◆ REQUIRED WORK ◆
Reproduce every record verbatim but drop the pictures.

————

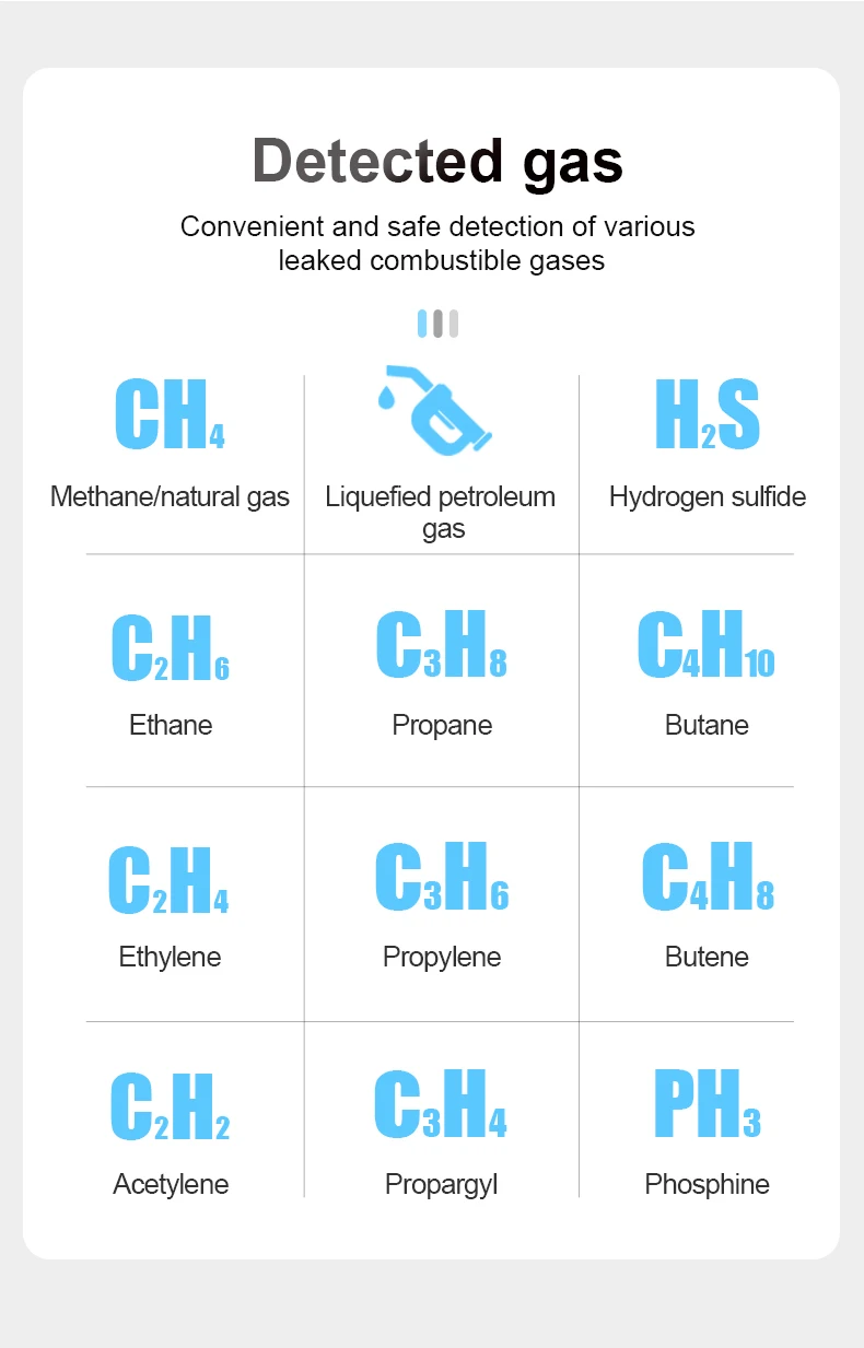 Detecte rapidamente gases perigosos como metano, butano e gasolina antes que se espalhem, garantindo um ambiente seguro e tranquilo para sua família ou equipe.
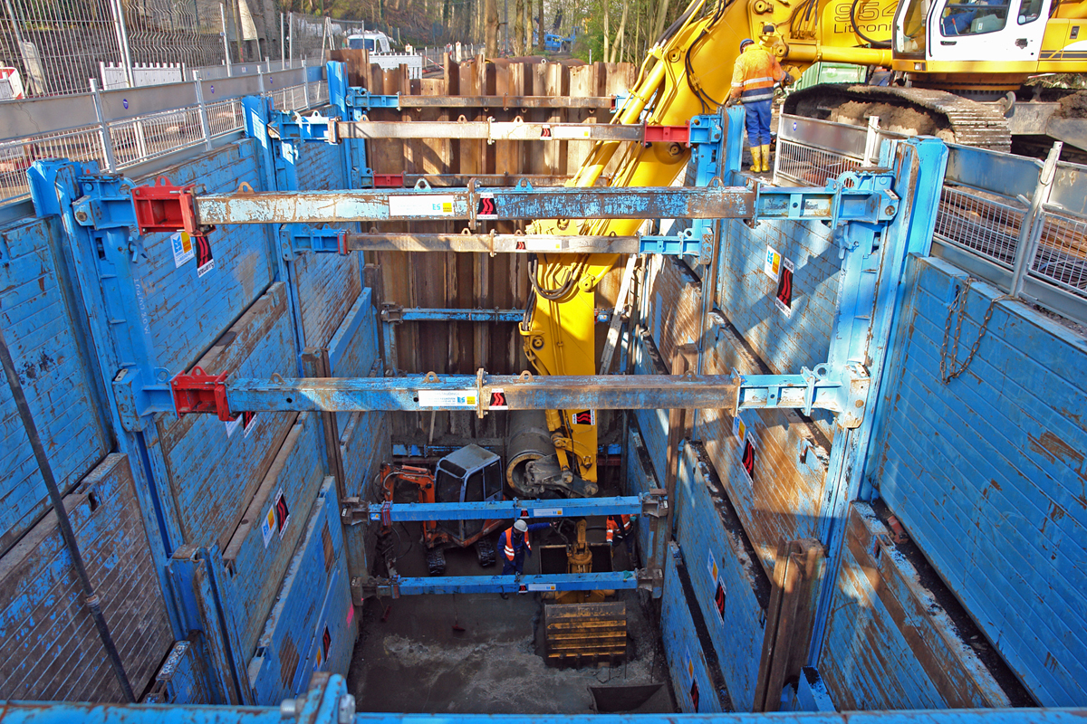 Der sogenannte Großflächen-Stahlverbau nahm an Bedeutung zu. Dabei handelt es sich um tragende Stahlhohlprofilwände, die mit verstellbaren Spreizen auf Abstand gehalten werden und einen Verbaukasten bilden. Unabhängig von der Grabenbreite und der Verbautiefe erfüllen die verschiedenen Systeme alle die wichtigsten Anforderungen: hohe Sicherheit durch Stabilität, geringe Auswirkungen auf den Boden außerhalb des Verbaus sowie möglichst große Arbeitsräume. Seit 75 Jahren sind die Ziele damit gleich geblieben. Von den heutigen technischen Möglichkeiten und der Vielfalt der Produktlösungen wagte damals allerdings wohl noch niemand zu träumen.s
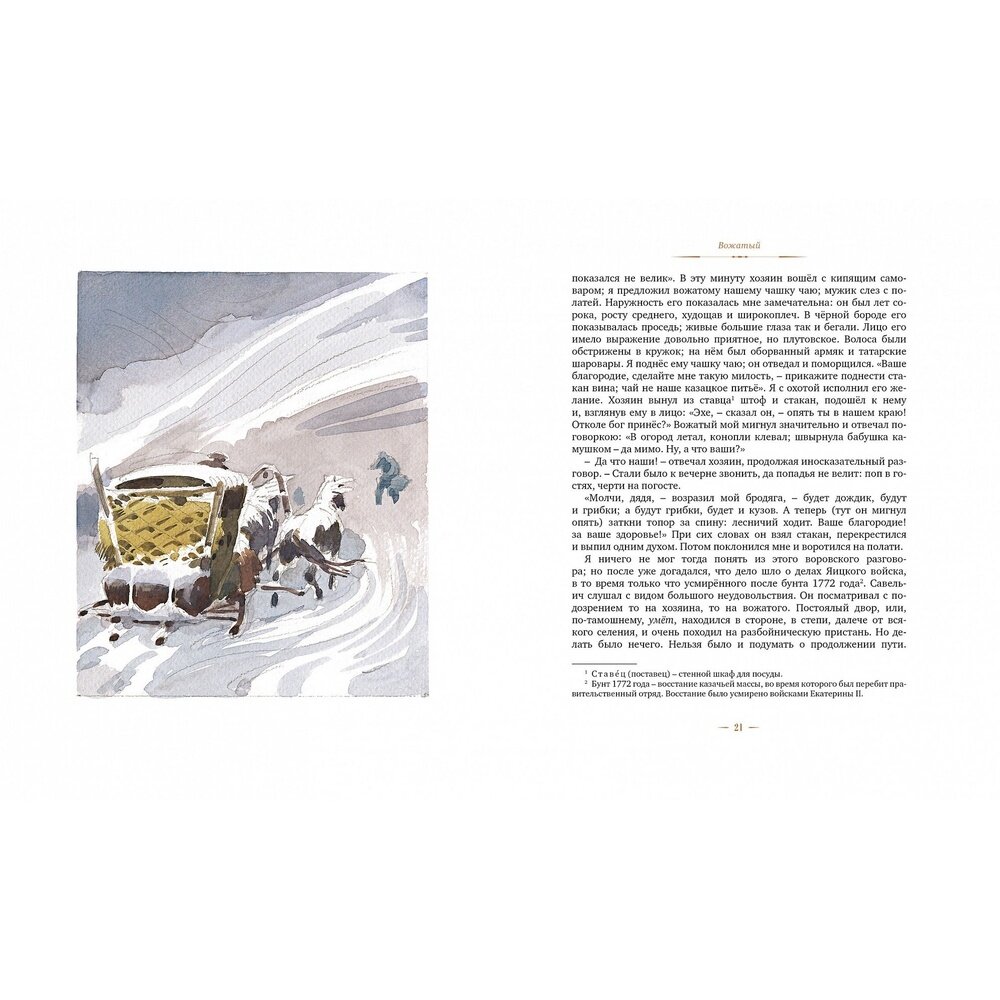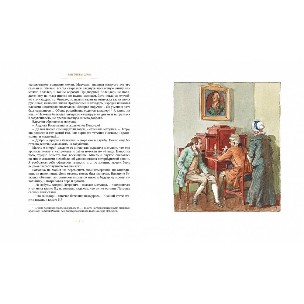 Книга понравилась, изготовлена качественно: твердая обложка, плотные листы, комфортный для глаз шрифт среднего размера. Иллюстрации современного художника А. Иткина как нельзя лучше подходят к историческому роману А.С.Пушкина. Произведение входит в обязательную школьную программу. Книга читается легко, несмотря на драматичность сюжета, потому что написана с лёгким юмором.
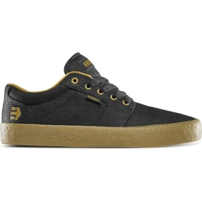 * Etnies Barge LS is a simple, deconstructed shoe with a classic skate look but comfortable enough to wear all day every day * One of Etnies' best sellers this shoe is over course available in many colours and fabrications * Washed black uppers with brown details above a gum sole unit * Foam lite 1 insole, matched with a vulcanised sole unit * Clean one-piece toe vamp * Slim style design * Light padding in the collar and tongue
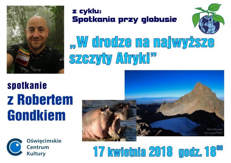 17 kwietnia 2018 roku w Oświęcimskim Centrum Kultury odbyło się piąte - z cyklu podróżniczych "Spotkań przy globusie" - spotkanie z podróżnikiem Robertem Gondkiem pt. "W drodze na najwyższe szczyty Afryki - Tanzania, Kenia, Uganda, Rwanda, Burundi".
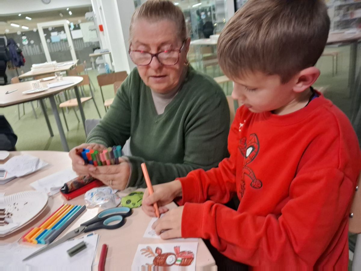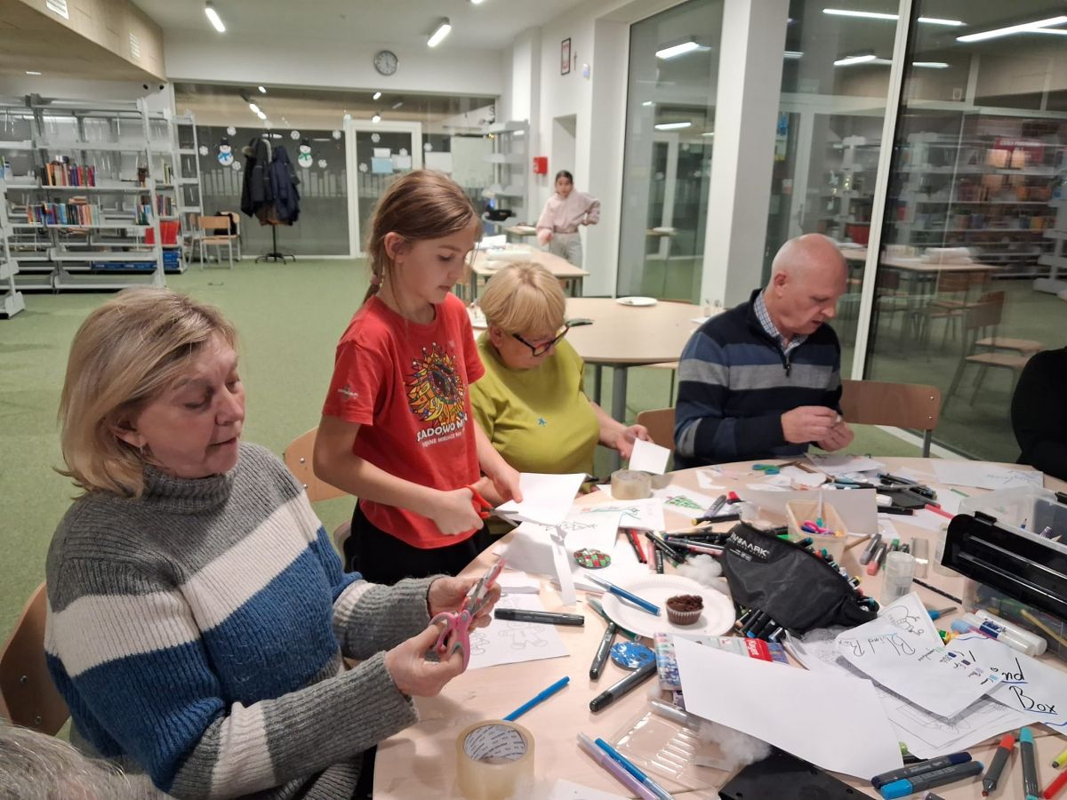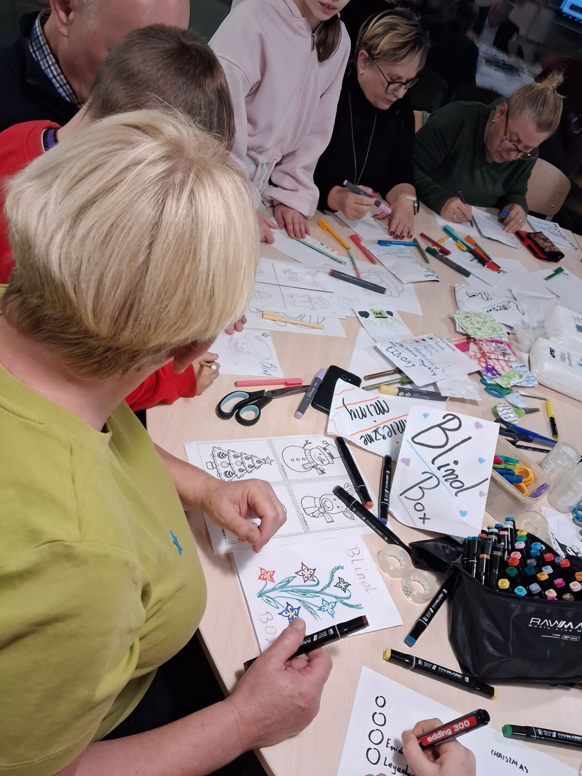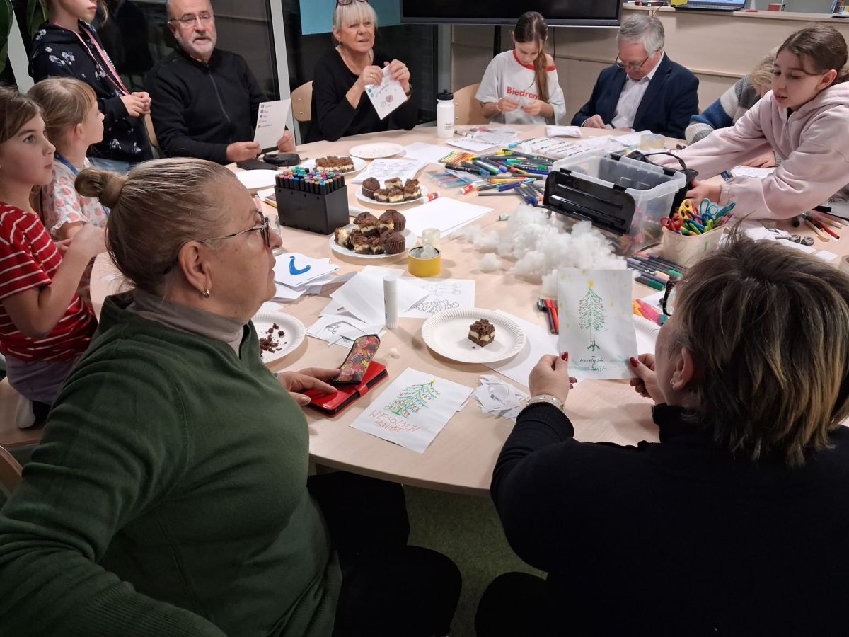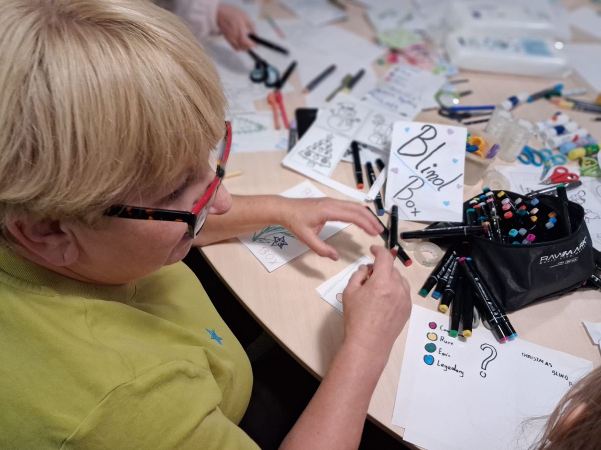 Uczniowie i seniorzy wspólnie tworzyli świąteczne Blind Boxy ze Squishy, czyli paczuszki-niespodzianki. Wspólne dekorowanie i pakowanie było okazją do rozmów, żartów i wymiany doświadczeń.
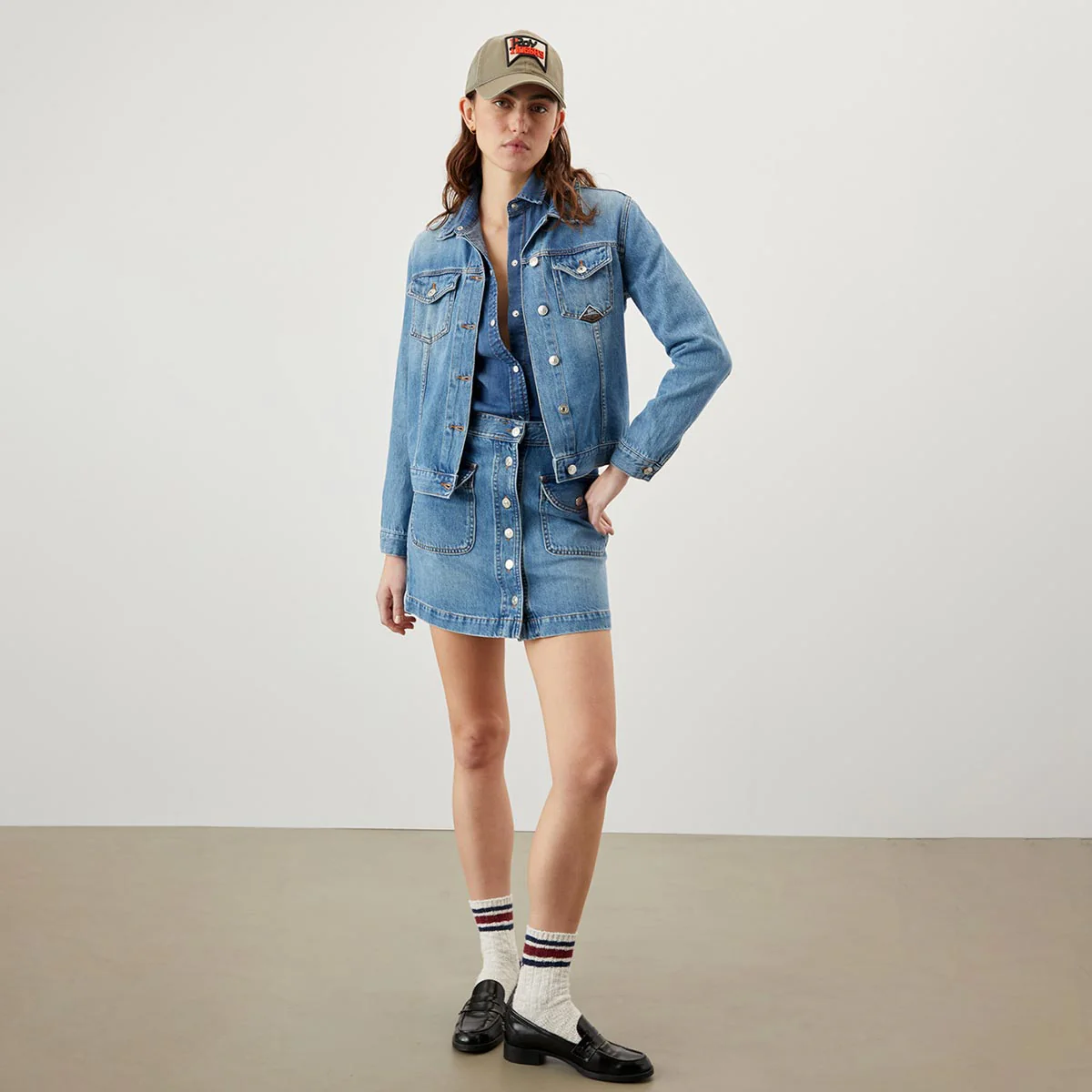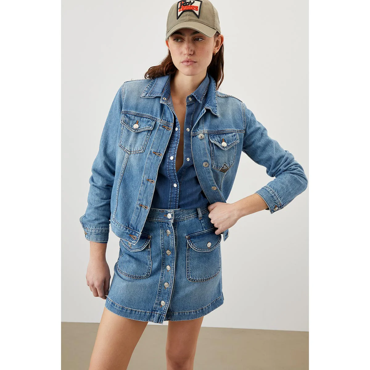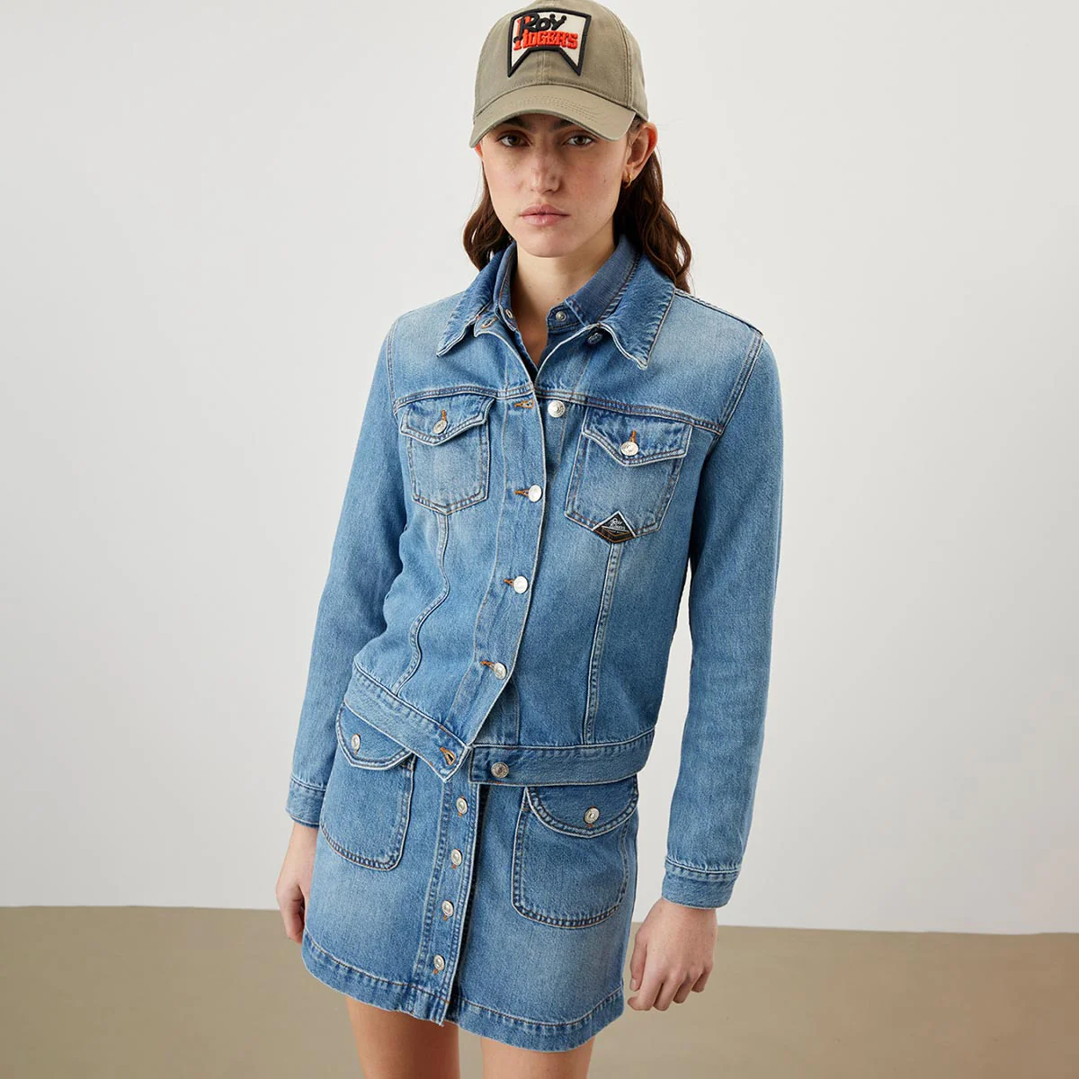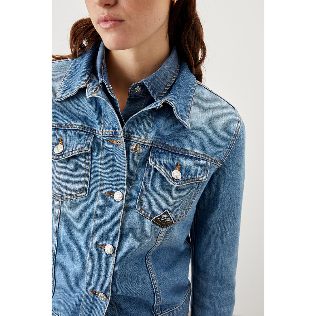 Giacca classica in denim new standard con lavaggio chiaro. Chiusura sul fronte con bottoni logati. Maniche lunghe e polsini con bottoni. Due tasche piatte sul petto con patta e bottone, e due tasche a filetto sul fronte. Label Roy Roger’s applicato su una tasca. Regular fit.
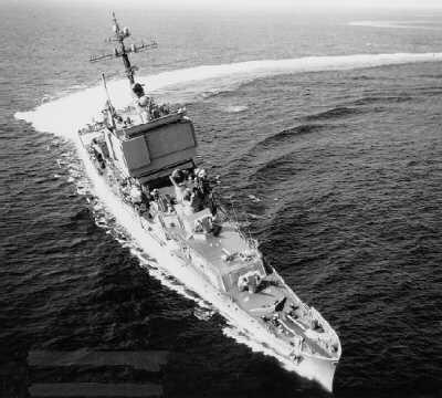 318K | Starboard bow view while underway. Note the AN/SPS-49 radar antenna on the platform mast aft. This was most likely added during her Mid-Life Conversion Phase II which was performed from 6 October 1980 to 26 March 1983. | Robert M. Cieri |

————

◆ ANSWER SPACE ◆
 Detecte rapidamente gases perigosos como metano, butano e gasolina antes que se espalhem, garantindo um ambiente seguro e tranquilo para sua família ou equipe.
 Der sogenannte Großflächen-Stahlverbau nahm an Bedeutung zu. Dabei handelt es sich um tragende Stahlhohlprofilwände, die mit verstellbaren Spreizen auf Abstand gehalten werden und einen Verbaukasten bilden. Unabhängig von der Grabenbreite und der Verbautiefe erfüllen die verschiedenen Systeme alle die wichtigsten Anforderungen: hohe Sicherheit durch Stabilität, geringe Auswirkungen auf den Boden außerhalb des Verbaus sowie möglichst große Arbeitsräume. Seit 75 Jahren sind die Ziele damit gleich geblieben. Von den heutigen technischen Möglichkeiten und der Vielfalt der Produktlösungen wagte damals allerdings wohl noch niemand zu träumen.s
 Книга понравилась, изготовлена качественно: твердая обложка, плотные листы, комфортный для глаз шрифт среднего размера. Иллюстрации современного художника А. Иткина как нельзя лучше подходят к историческому роману А.С.Пушкина. Произведение входит в обязательную школьную программу. Книга читается легко, несмотря на драматичность сюжета, потому что написана с лёгким юмором.
 * Etnies Barge LS is a simple, deconstructed shoe with a classic skate look but comfortable enough to wear all day every day * One of Etnies' best sellers this shoe is over course available in many colours and fabrications * Washed black uppers with brown details above a gum sole unit * Foam lite 1 insole, matched with a vulcanised sole unit * Clean one-piece toe vamp * Slim style design * Light padding in the collar and tongue
 17 kwietnia 2018 roku w Oświęcimskim Centrum Kultury odbyło się piąte - z cyklu podróżniczych "Spotkań przy globusie" - spotkanie z podróżnikiem Robertem Gondkiem pt. "W drodze na najwyższe szczyty Afryki - Tanzania, Kenia, Uganda, Rwanda, Burundi".
 Uczniowie i seniorzy wspólnie tworzyli świąteczne Blind Boxy ze Squishy, czyli paczuszki-niespodzianki. Wspólne dekorowanie i pakowanie było okazją do rozmów, żartów i wymiany doświadczeń.
 Giacca classica in denim new standard con lavaggio chiaro. Chiusura sul fronte con bottoni logati. Maniche lunghe e polsini con bottoni. Due tasche piatte sul petto con patta e bottone, e due tasche a filetto sul fronte. Label Roy Roger’s applicato su una tasca. Regular fit.
 318K | Starboard bow view while underway. Note the AN/SPS-49 radar antenna on the platform mast aft. This was most likely added during her Mid-Life Conversion Phase II which was performed from 6 October 1980 to 26 March 1983. | Robert M. Cieri |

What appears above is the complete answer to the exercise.